Lightning-AI / pytorch-lightning

Pretrain, finetune and deploy AI models on multiple GPUs, TPUs with zero code changes.
https://lightning.ai
Apache License 2.0
27.93k stars 3.34k forks source link

training=False when use a pretrained model like BERT #20128

Closed huangfu170 closed 1 month ago

huangfu170 commented 1 month ago

Bug description

I use bert model from transformers for text classification, I found that the whole model's training=True and the bert model's training=False in training_step(), I want to know why and thanks for any kind help. Here is my code: `class TestModel(pl.LightningModule): def init(self,bert_config): super().init() self.bert=BertModel.from_pretrained(bert_config._name_or_path) self.project_final=nn.Linear(768,80) def forward(self,input_ids,attention_mask): output=self.bert(input_ids,attention_mask=attention_mask) output=output[0][:,0,:] output=self.project_final(output) return output def training_step(self,batch,batch_idx): input_ids=batch["input_ids"] attention_mask=batch["attention_mask"] label=batch["label"] output=self(input_ids,attention_mask) loss=loss_function(output,label) return loss def configure_optimizers(self): optimizer=torch.optim.Adam(self.parameters(),lr=cf.lr) return optimizer

data_module=ContrastiveDataModule()
model=TestModel(bert_config)
trainer=pl.Trainer(max_epochs=100,accelerator='gpu',devices=[2])
trainer.fit(model,data_module)

`

What version are you seeing the problem on?

v2.2

How to reproduce the bug

class TestModel(pl.LightningModule):
    def __init__(self,bert_config):
        super().__init__()
        self.bert=BertModel.from_pretrained(bert_config._name_or_path)
        self.project_final=nn.Linear(768,80)
    def forward(self,input_ids,attention_mask):
        output=self.bert(input_ids,attention_mask=attention_mask)
        output=output[0][:,0,:]
        output=self.project_final(output)
        return output
    def training_step(self,batch,batch_idx):
        input_ids=batch["input_ids"]
        attention_mask=batch["attention_mask"]
        label=batch["label"]
        output=self(input_ids,attention_mask)
        loss=loss_function(output,label)
        return loss
    def configure_optimizers(self):
        optimizer=torch.optim.Adam(self.parameters(),lr=cf.lr)
        return optimizer

    data_module=ContrastiveDataModule()
    model=TestModel(bert_config)
    trainer=pl.Trainer(max_epochs=100,accelerator='gpu',devices=[2])
    trainer.fit(model,data_module)

Error messages and logs

self.traing=True and self.bert.training=False

Environment

Current environment ``` #- PyTorch Lightning Version :2.2.0 #- PyTorch Version : 1.13.1 #- Python version: 3.9.19 #- OS: Linux #- CUDA/cuDNN version: 12.0 #- GPU models and configuration: 5 NVIDIA 3090 gpus on 1 node #- How you installed Lightning(`conda`, `pip`, source): pip ```

More info

The model have two module, the project_final module's training is True as the whole "self" model, but the pretrained model differs

cc @borda

huangfu170 commented 1 month ago

It seems that I should use "self.bert=BertModel.from_pretrained(bert_config._name_or_path).train()", which used in https://lightning.ai/lightning-ai/studios/text-classification-with-pytorch-lightning. But it is weird to manually turn it to train mode even though the whole model automatically turn train mode in training_step. And the example in doc does not mention it either in https://lightning.ai/docs/pytorch/stable/advanced/transfer_learning.html#example-bert-nlp. It may write more clearly if updating the doc or turn the pretrained model to train mode automatically.

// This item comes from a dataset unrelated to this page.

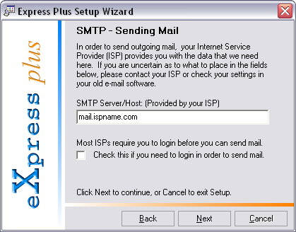 SMTP Server/Host = The Outgoing (SMTP) mail server usually follows this format: mail.ispname.com (or .net). Replace the "ispname.com (or .net)" with your ISP's name.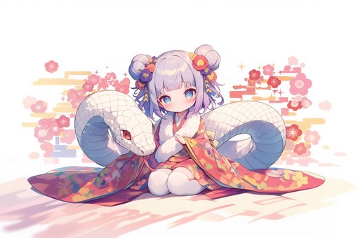 赤やピンクの着物を着て髪飾りを付けたヘビ

awaelchli commented 1 month ago

Hey @huangfu170 You can look at my response here for why it's like that: #20105 Yes it would be great to update the example, let's do it! Contributions for that are welcome.

huangfu170 commented 1 month ago

Hey @huangfu170 You can look at my response here for why it's like that: #20105 Yes it would be great to update the example, let's do it! Contributions for that are welcome.

Oh, I have not looked this PR, thank you very much for help we found the reason, the documents can to be changed for this for clearity. Thank you again! Please close the issue.